Separate telemetry and command topics. Use distinct topic branches for data flowing up (telemetry) and commands flowing down (control). press-7/temperature is telemetry. press-7/command is for set points and control commands. Mixing them creates authorization complexity — your telemetry consumers should not be able to accidentally subscribe to command topics.

Do not put PII in topics. MQTT topics appear in IoT Core logs, CloudTrail, and any downstream system that receives the raw message. If your factory produces medical devices with patient-associated production data, ensure that data is in the payload (encrypted if needed) — not in the topic string.
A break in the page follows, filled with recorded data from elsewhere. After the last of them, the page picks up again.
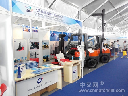 上海基澎机械科技有限公司(Shanghai Gather Power Industry Co.,Ltd)携多款“GP” 品牌物流机械亮相本届博览会。展示的产品:一台3吨双燃料叉车(CPQYD30)、一台3吨柴油叉车(CPCD30)、2台电动堆高车(ERC215,ERC218)和一台电动托盘车(ERE15)。本次展出的所有产品都为高端配置,其中3吨双燃料叉车配备日本进口尼桑K21发动机,豪华座椅,三级全自由门架等,吸引了众多观展商及采购商的高度关注。部分观展商更是在现场表示代理“GP”产品,达成意向订单金额达150多万美元。
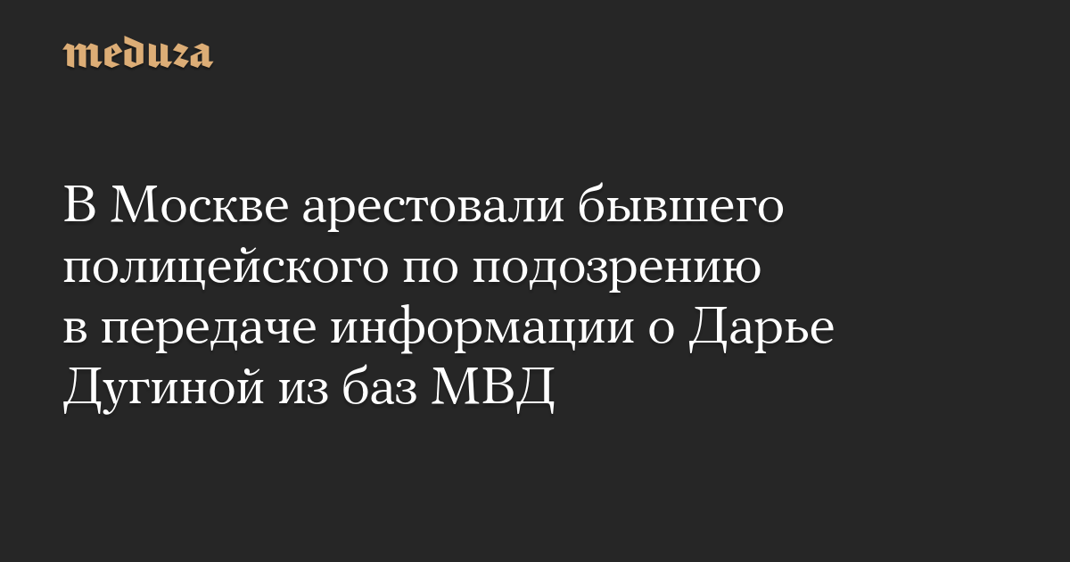 В Москве арестовали бывшего полицейского по подозрению в передаче информации о Дарье Дугиной из баз МВД
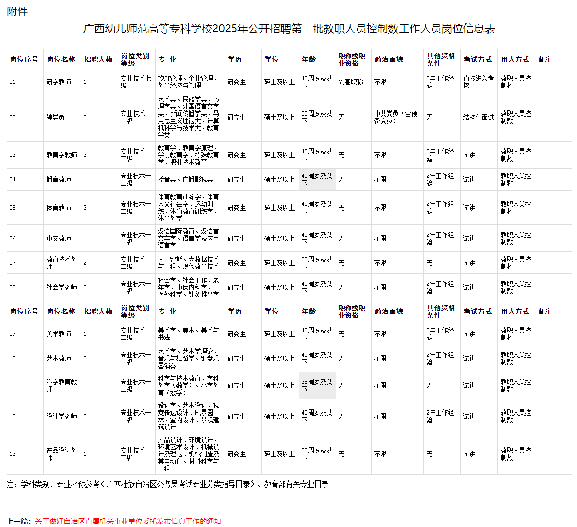 本次公開招聘工作人員26名,具體招聘崗位及要求詳見《廣西幼兒師范高等??茖W校2025年公開招聘第二批教職人員控制數(shù)工作人員崗位信息表》(附件)。
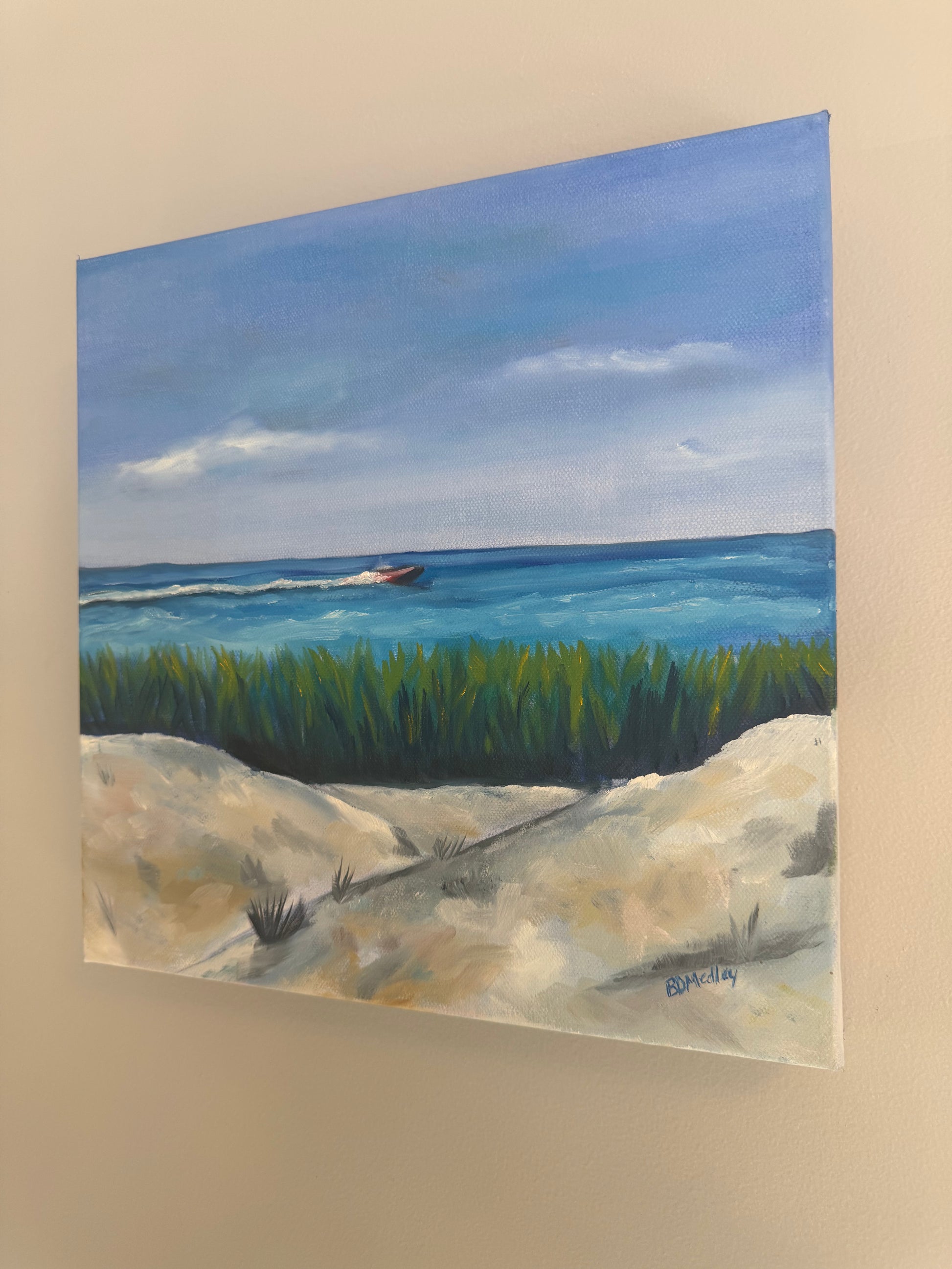 10x10 unframed oil painting of speedboat at Cape Cod; 2024

Batch multi-measurement payloads under a single topic. A Greengrass gateway reporting 10 measurements from Press #7 can publish one MQTT message with a JSON payload containing all 10 measurements, rather than 10 separate messages on 10 topics. This reduces message count (and cost) by 10x while keeping the data together. Use a batched payload topic: factory/chicago/building-a/line-3/press-7/telemetry.

Payload Design

For batched telemetry payloads, use a consistent structure that includes timestamps (ISO 8601 or Unix milliseconds), measurement names, values, units, and quality codes:

{
  "timestamp": "2026-05-04T14:23:41.000Z",
  "deviceId": "press-7-chicago-a-l3",
  "measurements": [
    { "name": "temperature", "value": 72.4, "unit": "celsius", "quality": "good" },
    { "name": "pressure", "value": 45.2, "unit": "bar", "quality": "good" },
    { "name": "vibration_rms", "value": 3.1, "unit": "mm/s", "quality": "good" },
    { "name": "anomaly_score", "value": 0.23, "unit": "dimensionless", "quality": "good" }
  ]
}

The quality code field (good/bad/uncertain) follows OPC-UA quality conventions and is important for downstream analytics — a value of 0 with quality “bad” should not be treated as a real zero reading.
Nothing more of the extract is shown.